From lennart at karssen.org  Fri Apr 18 16:35:29 2014
From: lennart at karssen.org (L.C. Karssen)
Date: Fri, 18 Apr 2014 16:35:29 +0200
Subject: [GenABEL-dev] Proposal to remove non-EIGEN code paths from ProbABEL
Message-ID: <53513831.3040506@karssen.org>

Dear list,

In the past few months Maarten has made several speed improvements to
ProbABEL. Many of these speedups make use of the EIGEN library that was
first introduced into ProbABEL in v0.3.0.
After merging Maarten's branch with trunk (and after I independently
added more extensive checks in Jenkins) we found out compilation after
configuring ProbABEL using
    ./configure --without-eigen
fails. Fixing this is not trivial, so we are hereby proposing to remove
the --without-eigen option. This doesn't necessarily mean that all
mematrix code needs to be removed immediately, but by insisting on using
EIGEN we can at least start removing the old code.

Impact analysis for users and developers:
1) positive: consistent (and faster) analysis speed experience for all
users: everybody will use EIGEN

2) positive: reduction of maintenance/development time because we no
longer need to maintain the non-EIGEN parts of the code.

3) possibly negative: we need to make a choice on whether we will
distribute EIGEN with the ProbABEL code, or whether we 'force' the user
to download the code themselves.


Point 3) is similar to the debate about libfilevector: do we go for a
simple user experience where all requirements are combined in the
distributed source code, or do we make use of the modularity of the code
and its dependencies and let people download and install the
dependencies themselves (or use packages provided by the OS).
In the upcoming release we also plan to include calculation of p-values
using the Boost libraries [0]. The same issue will arise there again.

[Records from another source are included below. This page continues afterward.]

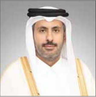
HE the Minister of Commerce and Industry Sheikh Faisal bin Thani bin Faisal al-Thani

HE the Minister of Commerce and Industry Sheikh Faisal bin Thani bin Faisal al-Thani has issued Ministerial Decision No. (102) of 2025, adopting the Qatari Technical Regulation on Shelf Life of Food Products, No. QS 10050:2025. The new regulation replaces Technical Regulation QS GSO 150-1:2013/Amd1/Amd2:2023, which was adopted under Ministerial Decision No. (17) of 2024, as well as Standard QS GSO 150-2:2013/Amd1:2024, adopted under Ministerial Decision No. (17) of 2025. The new regulation aims to ensure the safety and quality of food products circulating in the local market by adopting shelf-life periods based on scientific principles and modern international standards. This will help enhance consumer confidence and reduce food waste through
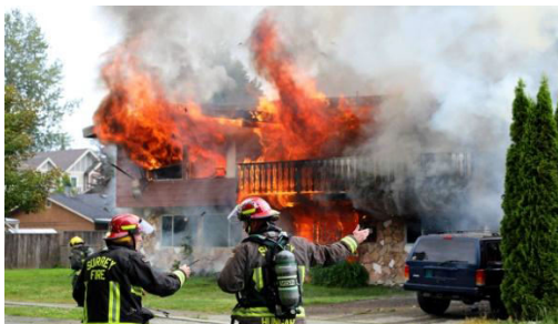
A House on Fire

Last Sunday I was going to market. I saw a house which was on fire. I reached there. Many people were there. Flames were rising high. Smoke was there. Everyone was active. Some people were crying and some were running here and there some people were bringing water. They were throwing water on the fire. Then fire brigade came and controlled the fire in two hours. We thanked God that no one lost his or her life.
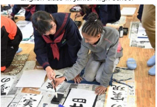
Japanese calligraphy experience
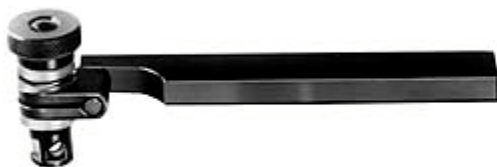
Rectangular Holder with 1/4" x 1/2" shank
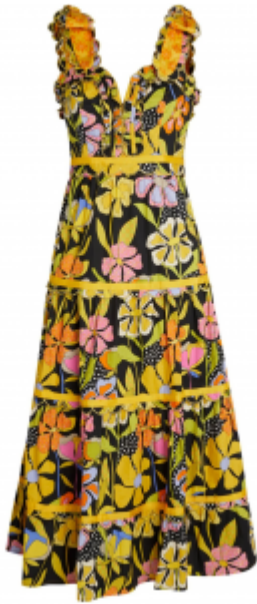
Celia B Midi Flora Dress £385 – here
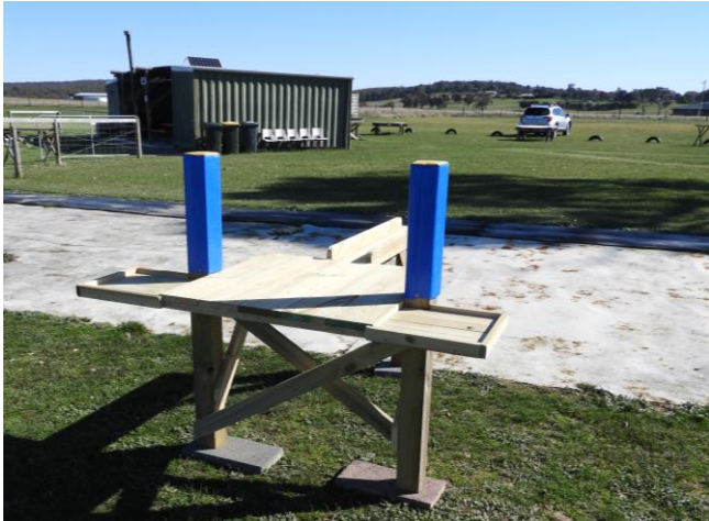
Front view of stand showing the tables on each side for transmitter, electric starter, tools etc.
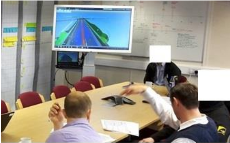
Fig 4. Use of BIM models in Collaborative Planning meetings at Case 4

Therefore, I would like to start/continue the discussion here on how to
proceed with external dependencies. I'm really looking forward to your
opinions. Below I've outlined several options I could think of on how to
go forward. Let me know what you think of them or if you have any other
ideas.


Thanks a lot,

Lennart.


Note 1: For ProbABEL we provide pre-compiled MS Windows binaries, so
that platform is not part of this discussion.
Note 2: EIGEN consists of header files only, no compilation is needed to
use EIGEN (either at compile time or at run time).

I see the following options:
a) include a copy of the EIGEN source code in the ProbABEL code base (in
SVN)
b) include a copy of the EIGEN source code in the official released
ProbABEL tar.gz.
c) don't include the EIGEN source code, but provide very clear
instructions on how to obtain EIGEN.
d) include a script that downloads and extracts the latest EIGEN and
mention that script in the installation instructions.
e) Automatic download and extraction of the EIGEN source code during the
./configure (or make) process of ProbABEL.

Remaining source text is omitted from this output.